Your assignment ▸ Each line from the opening of the material through the line holding "韩国高丽人参出口的80%集中" needs to be returned exactly, with the pictures left out.

The data ▸
__________________________________________________
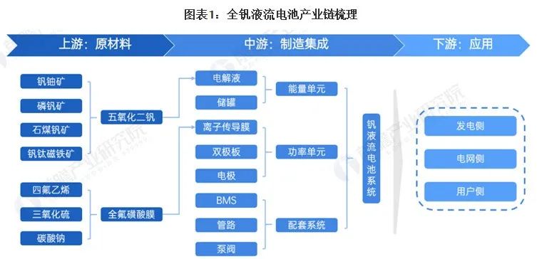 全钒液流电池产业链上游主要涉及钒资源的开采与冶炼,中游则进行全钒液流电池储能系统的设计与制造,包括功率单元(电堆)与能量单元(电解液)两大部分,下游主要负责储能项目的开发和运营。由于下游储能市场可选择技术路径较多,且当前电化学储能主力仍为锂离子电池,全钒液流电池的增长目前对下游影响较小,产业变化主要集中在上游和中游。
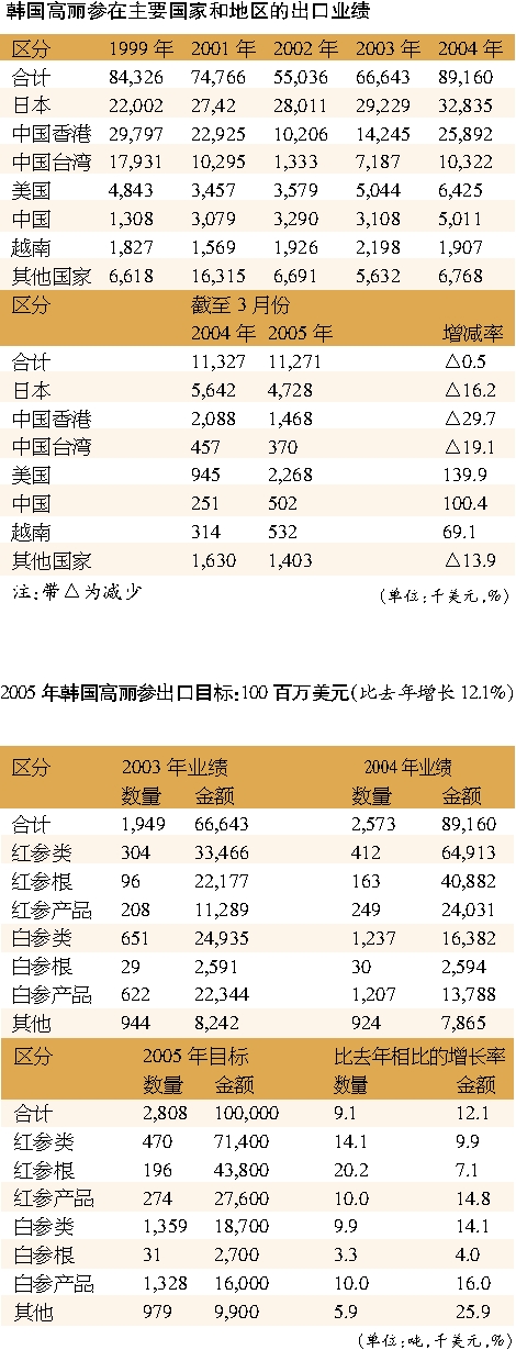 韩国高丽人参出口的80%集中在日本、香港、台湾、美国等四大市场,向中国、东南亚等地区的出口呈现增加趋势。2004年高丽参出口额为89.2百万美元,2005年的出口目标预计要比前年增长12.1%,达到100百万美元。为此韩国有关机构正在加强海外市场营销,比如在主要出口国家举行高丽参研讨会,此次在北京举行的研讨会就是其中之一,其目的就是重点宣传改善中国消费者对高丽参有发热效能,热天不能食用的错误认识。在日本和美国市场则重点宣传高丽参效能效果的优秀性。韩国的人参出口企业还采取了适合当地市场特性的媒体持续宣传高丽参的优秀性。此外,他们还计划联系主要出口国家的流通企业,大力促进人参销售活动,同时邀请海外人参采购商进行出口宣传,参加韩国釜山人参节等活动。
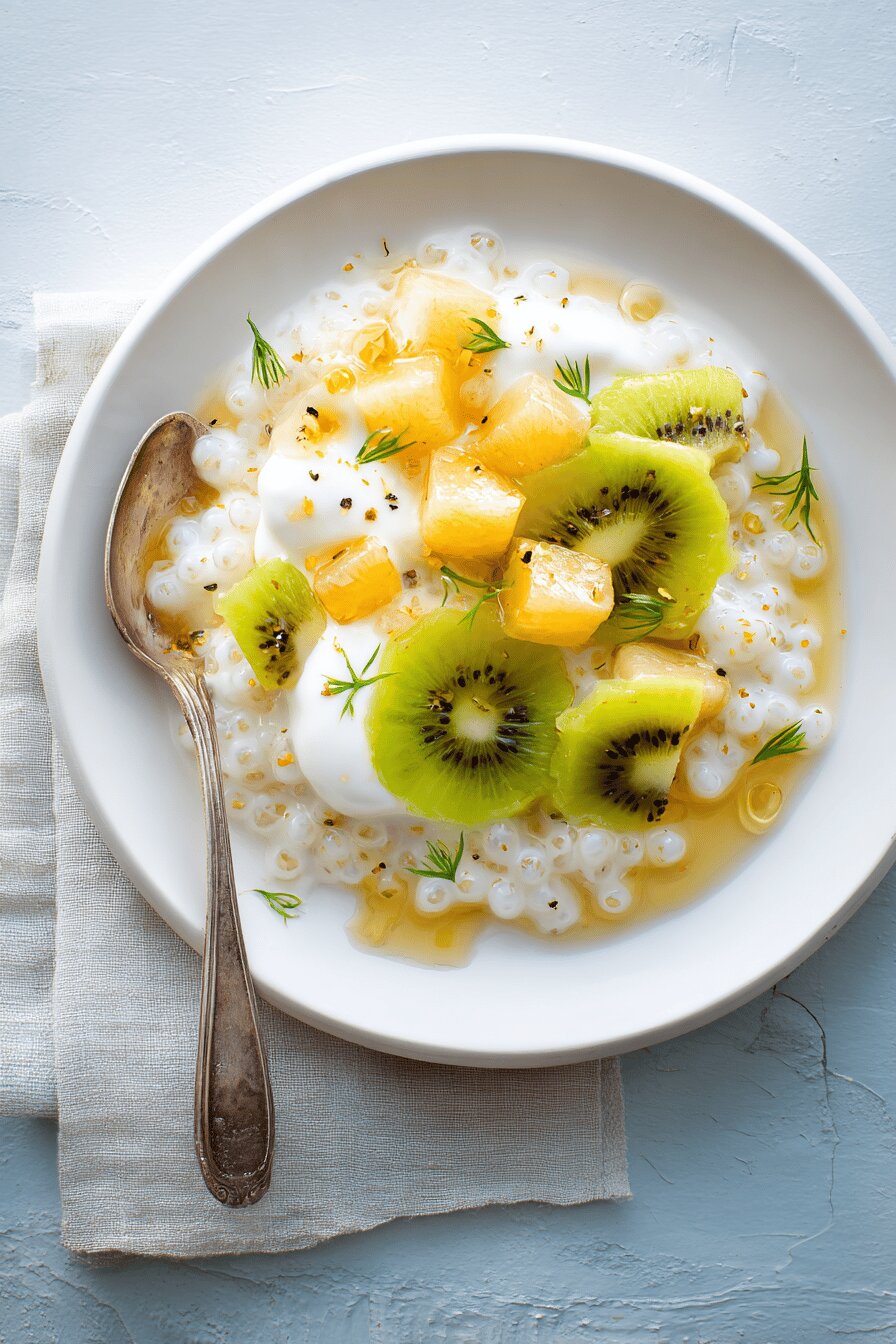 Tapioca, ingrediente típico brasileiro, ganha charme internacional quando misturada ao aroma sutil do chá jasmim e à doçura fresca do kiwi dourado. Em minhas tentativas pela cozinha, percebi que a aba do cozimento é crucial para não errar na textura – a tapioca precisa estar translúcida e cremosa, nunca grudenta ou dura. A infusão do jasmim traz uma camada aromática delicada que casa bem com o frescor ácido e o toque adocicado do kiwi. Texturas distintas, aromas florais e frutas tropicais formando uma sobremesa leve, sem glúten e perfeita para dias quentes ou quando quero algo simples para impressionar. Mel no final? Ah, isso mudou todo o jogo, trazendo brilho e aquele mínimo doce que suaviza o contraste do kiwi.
__________________________________________________
Task output ▸
 全钒液流电池产业链上游主要涉及钒资源的开采与冶炼,中游则进行全钒液流电池储能系统的设计与制造,包括功率单元(电堆)与能量单元(电解液)两大部分,下游主要负责储能项目的开发和运营。由于下游储能市场可选择技术路径较多,且当前电化学储能主力仍为锂离子电池,全钒液流电池的增长目前对下游影响较小,产业变化主要集中在上游和中游。
 韩国高丽人参出口的80%集中在日本、香港、台湾、美国等四大市场,向中国、东南亚等地区的出口呈现增加趋势。2004年高丽参出口额为89.2百万美元,2005年的出口目标预计要比前年增长12.1%,达到100百万美元。为此韩国有关机构正在加强海外市场营销,比如在主要出口国家举行高丽参研讨会,此次在北京举行的研讨会就是其中之一,其目的就是重点宣传改善中国消费者对高丽参有发热效能,热天不能食用的错误认识。在日本和美国市场则重点宣传高丽参效能效果的优秀性。韩国的人参出口企业还采取了适合当地市场特性的媒体持续宣传高丽参的优秀性。此外,他们还计划联系主要出口国家的流通企业,大力促进人参销售活动,同时邀请海外人参采购商进行出口宣传,参加韩国釜山人参节等活动。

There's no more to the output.